The papers Temporal Task And Motion Planning with Metric Time for Multiple Object Navigation, by Elisa Tosello, Alessandro Valentini and Andrea Micheli, and Automatic Selection of Macro-Events for Heuristic-Search Temporal Planning by Alessandro La Farciola, Alessandro Valentini and Andrea Micheli was accepted for the 39th Annual AAAI Conference on Artificial Intelligence.
Temporal Task And Motion Planning with Metric Time for Multiple Object Navigation
Abstract: Integrating metric time into Task And Motion Planning (TAMP) is challenging, especially with simultaneous object motion. Existing work focuses on classical and numeric TAMP, not considering deadlines, motions overlapping in time, and other temporal constraints. In this paper, we fill this gap by formalizing Temporal Task and Motion Planning (TTAMP) for multi-object navigation. We propose a novel interleaved planning technique for this problem, which leverages incremental Satisfiability Modulo Theory to ensure efficient reasoning on deadlines and action duration coupled with a motion planner supporting simultaneous object motion. Geometric data on encountered obstacles prunes unreachable symbolic regions, while temporal bounds limit the geometric search space. For multiple moving objects, our algorithm contextualizes the conflicts learned from the motion planner on overlapping actionsgit so that entire classes of temporal plans are pruned from the search space of the task planner, ensuring the eventual termination of the interplay.
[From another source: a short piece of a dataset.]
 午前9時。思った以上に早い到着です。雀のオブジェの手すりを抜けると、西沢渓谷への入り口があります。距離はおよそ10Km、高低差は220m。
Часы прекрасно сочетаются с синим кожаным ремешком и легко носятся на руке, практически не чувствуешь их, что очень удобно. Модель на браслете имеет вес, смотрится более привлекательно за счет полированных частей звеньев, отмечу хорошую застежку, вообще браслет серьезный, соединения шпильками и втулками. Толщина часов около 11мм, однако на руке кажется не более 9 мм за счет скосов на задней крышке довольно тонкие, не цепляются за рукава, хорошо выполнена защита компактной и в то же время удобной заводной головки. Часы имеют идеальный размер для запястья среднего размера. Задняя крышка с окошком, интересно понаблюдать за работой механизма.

We provide a comprehensive benchmark suite and demonstrate the effectiveness of our solver in leveraging these scenarios.
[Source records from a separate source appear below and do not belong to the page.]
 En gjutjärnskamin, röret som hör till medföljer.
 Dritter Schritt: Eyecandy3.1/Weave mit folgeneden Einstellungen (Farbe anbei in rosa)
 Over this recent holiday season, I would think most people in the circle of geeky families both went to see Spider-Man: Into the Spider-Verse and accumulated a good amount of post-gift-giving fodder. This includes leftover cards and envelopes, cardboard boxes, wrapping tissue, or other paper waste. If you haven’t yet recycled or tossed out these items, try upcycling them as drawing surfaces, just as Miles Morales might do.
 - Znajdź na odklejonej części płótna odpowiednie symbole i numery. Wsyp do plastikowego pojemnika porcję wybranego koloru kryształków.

Automatic Selection of Macro-Events for Heuristic-Search Temporal Planning
Abstract: One of the major techniques to tackle temporal planning problems is heuristic search augmented with a symbolic representation of time in the states. Adding composite actions (macro-actions) to the problem is a simple and powerful approach to create ``shortcuts'' in the search space, at the cost of increasing the branching factor of the problem and thus the execution time of a heuristic search planner. Hence, it is of paramount importance to select the right macro-actions and minimize their number to optimize the planner performance. In this paper, we introduce "macro-events": a simple, yet powerful, "shortcut" model similar to macro-actions for the case of temporal planning. Then, we present a novel ranking function to extract and select a suitable set of macro-events from a dataset of valid plans. In our ranking approach, we consider an estimation of the hypothetical search space for a blind search under four different exploitation schemata. Finally, we experimentally demonstrate that the proposed approach yields a substantial performance improvement for a state-of-the-art temporal planner.